Netflix just used the quiet Friday afternoon to announce that it is effectively ending its public developer program. Netflix will stop issuing API keys immediately and will not accept new API affiliates. The company will no longer offer a test environment for developer and its developer portal is already set to be read-only. Netflix’s OData catalog, which was never updated all that regularly in the first place, will be retired a month from now on April 8.

The only good news for developers here is that applications that are currently actively calling the API will remain active, so services like instantwatcher.com, Goodfilms and CanIStream.itm which all either use data from Netflix or offer integration with the service, will likely remain online for the time being. Netflix did not say for how long it plans to support its current public API.
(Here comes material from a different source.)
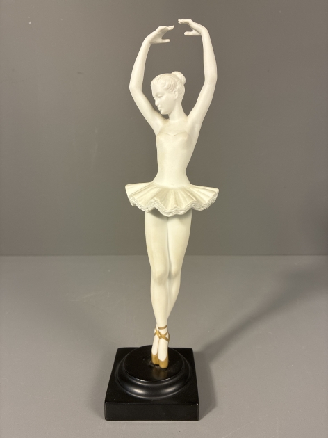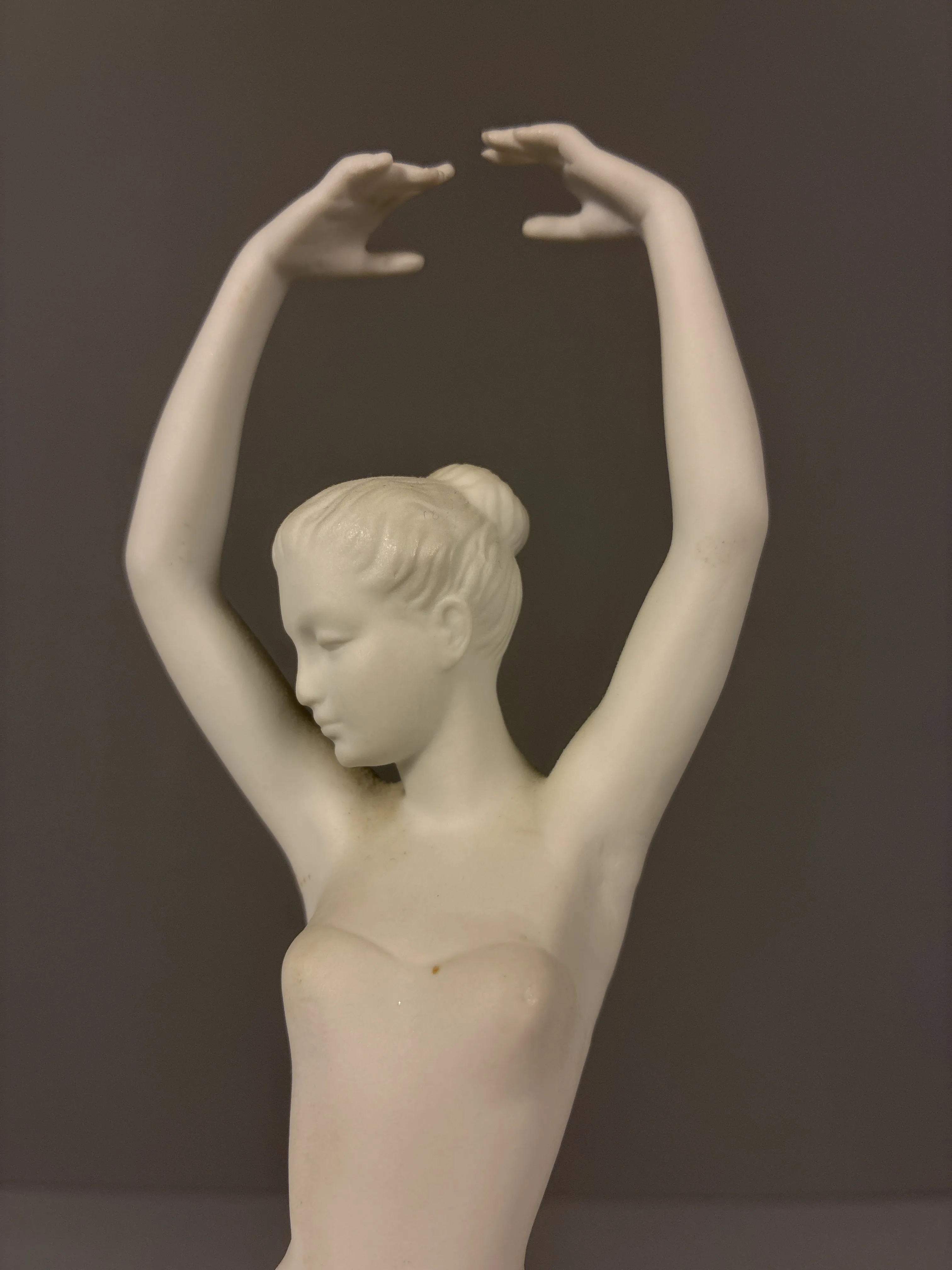 Skulptur i porslin. Smuts och åldersslitage. Höjd: 31,5cm.

The company says these ‘changes,’ as the company calls them, “are designed to allow us to focus our API efforts on supporting the products and features used most by our members.” Its API program, Netflix argues, has “shifted over the past few years” and is now more about supporting all of the devices that are used by its 33 million members to stream shows and movies.
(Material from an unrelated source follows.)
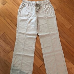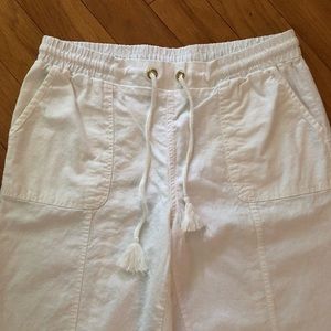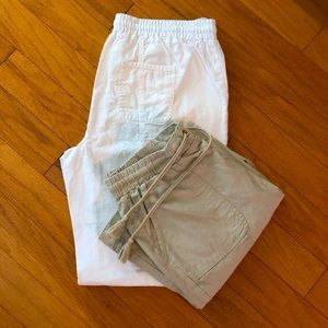 Two Excellent Condition linen blend trouser pants. Khaki and White. The styling is the same in each color. Each measures 34w x 31.5 inseam. Excellent condition.

Here is a list of all the changes the company announced today:

We will no longer issue new public API developer keys. All existing keys that are actively calling the API will remain active.

We will no longer accept new API affiliates. There will be no impact to existing and active affiliates.

We will no longer offer test environments. The test tools have been unavailable for a while and we won’t bring them back.

We will set the forums in the developer portal to read-only. We encourage developers to continue their conversations at StackOverflow with the tag “netflixapi”. The existing forum posts will remain on the site for now in the form of an archive.

We will retire the OData catalog, effective on April 8, 2013.